■ **Data excerpt**
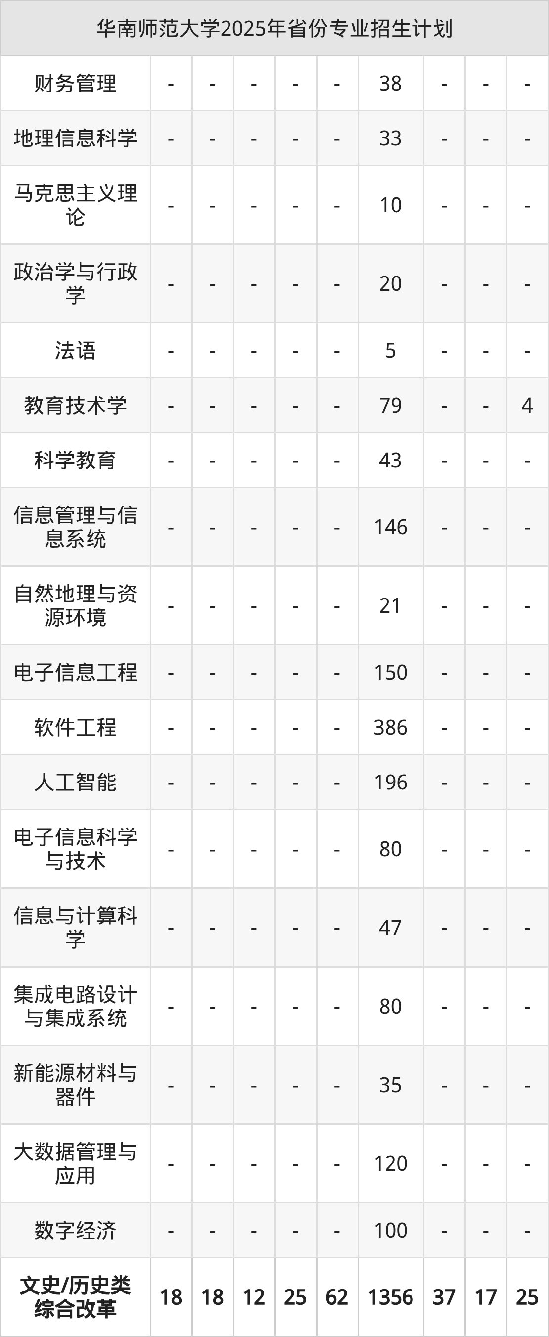 2025年华南师范大学计划招收本科生5622人,其中教育技术学专业103人,信息管理与信息系统专业146人,应用心理学专业48人,历史学专业188人,社会工作专业40人等。
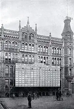 The results of the 1919 general election displayed outside The Press Building in Christchurch
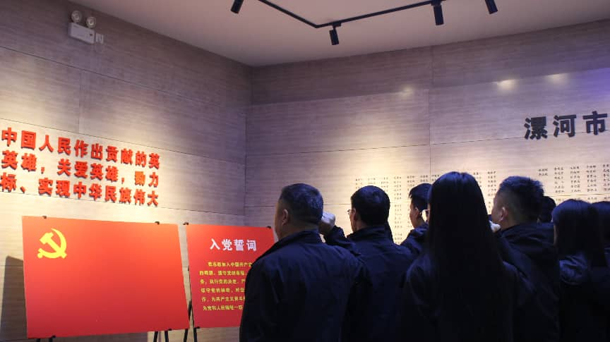 随后,全体人员一同走进革命纪念馆,在讲解员的引导下,认真聆听革命先烈的英勇事迹,观看馆内陈列的历史照片、文献资料与革命实物,重温那段波澜壮阔的革命历程,接受了一场深刻的红色精神洗礼。,在张勇同志的带领下,全体党员面对鲜红的党旗,举起右拳,庄严宣誓。铿锵有力的誓言既是对革命先烈的深情告慰,也是全体党员不忘初心、牢记使命的坚定承诺。

■ **Task**
Restate the material above word for word, dropping the pictures.

■ **Answer box**
 2025年华南师范大学计划招收本科生5622人,其中教育技术学专业103人,信息管理与信息系统专业146人,应用心理学专业48人,历史学专业188人,社会工作专业40人等。
 The results of the 1919 general election displayed outside The Press Building in Christchurch
 随后,全体人员一同走进革命纪念馆,在讲解员的引导下,认真聆听革命先烈的英勇事迹,观看馆内陈列的历史照片、文献资料与革命实物,重温那段波澜壮阔的革命历程,接受了一场深刻的红色精神洗礼。,在张勇同志的带领下,全体党员面对鲜红的党旗,举起右拳,庄严宣誓。铿锵有力的誓言既是对革命先烈的深情告慰,也是全体党员不忘初心、牢记使命的坚定承诺。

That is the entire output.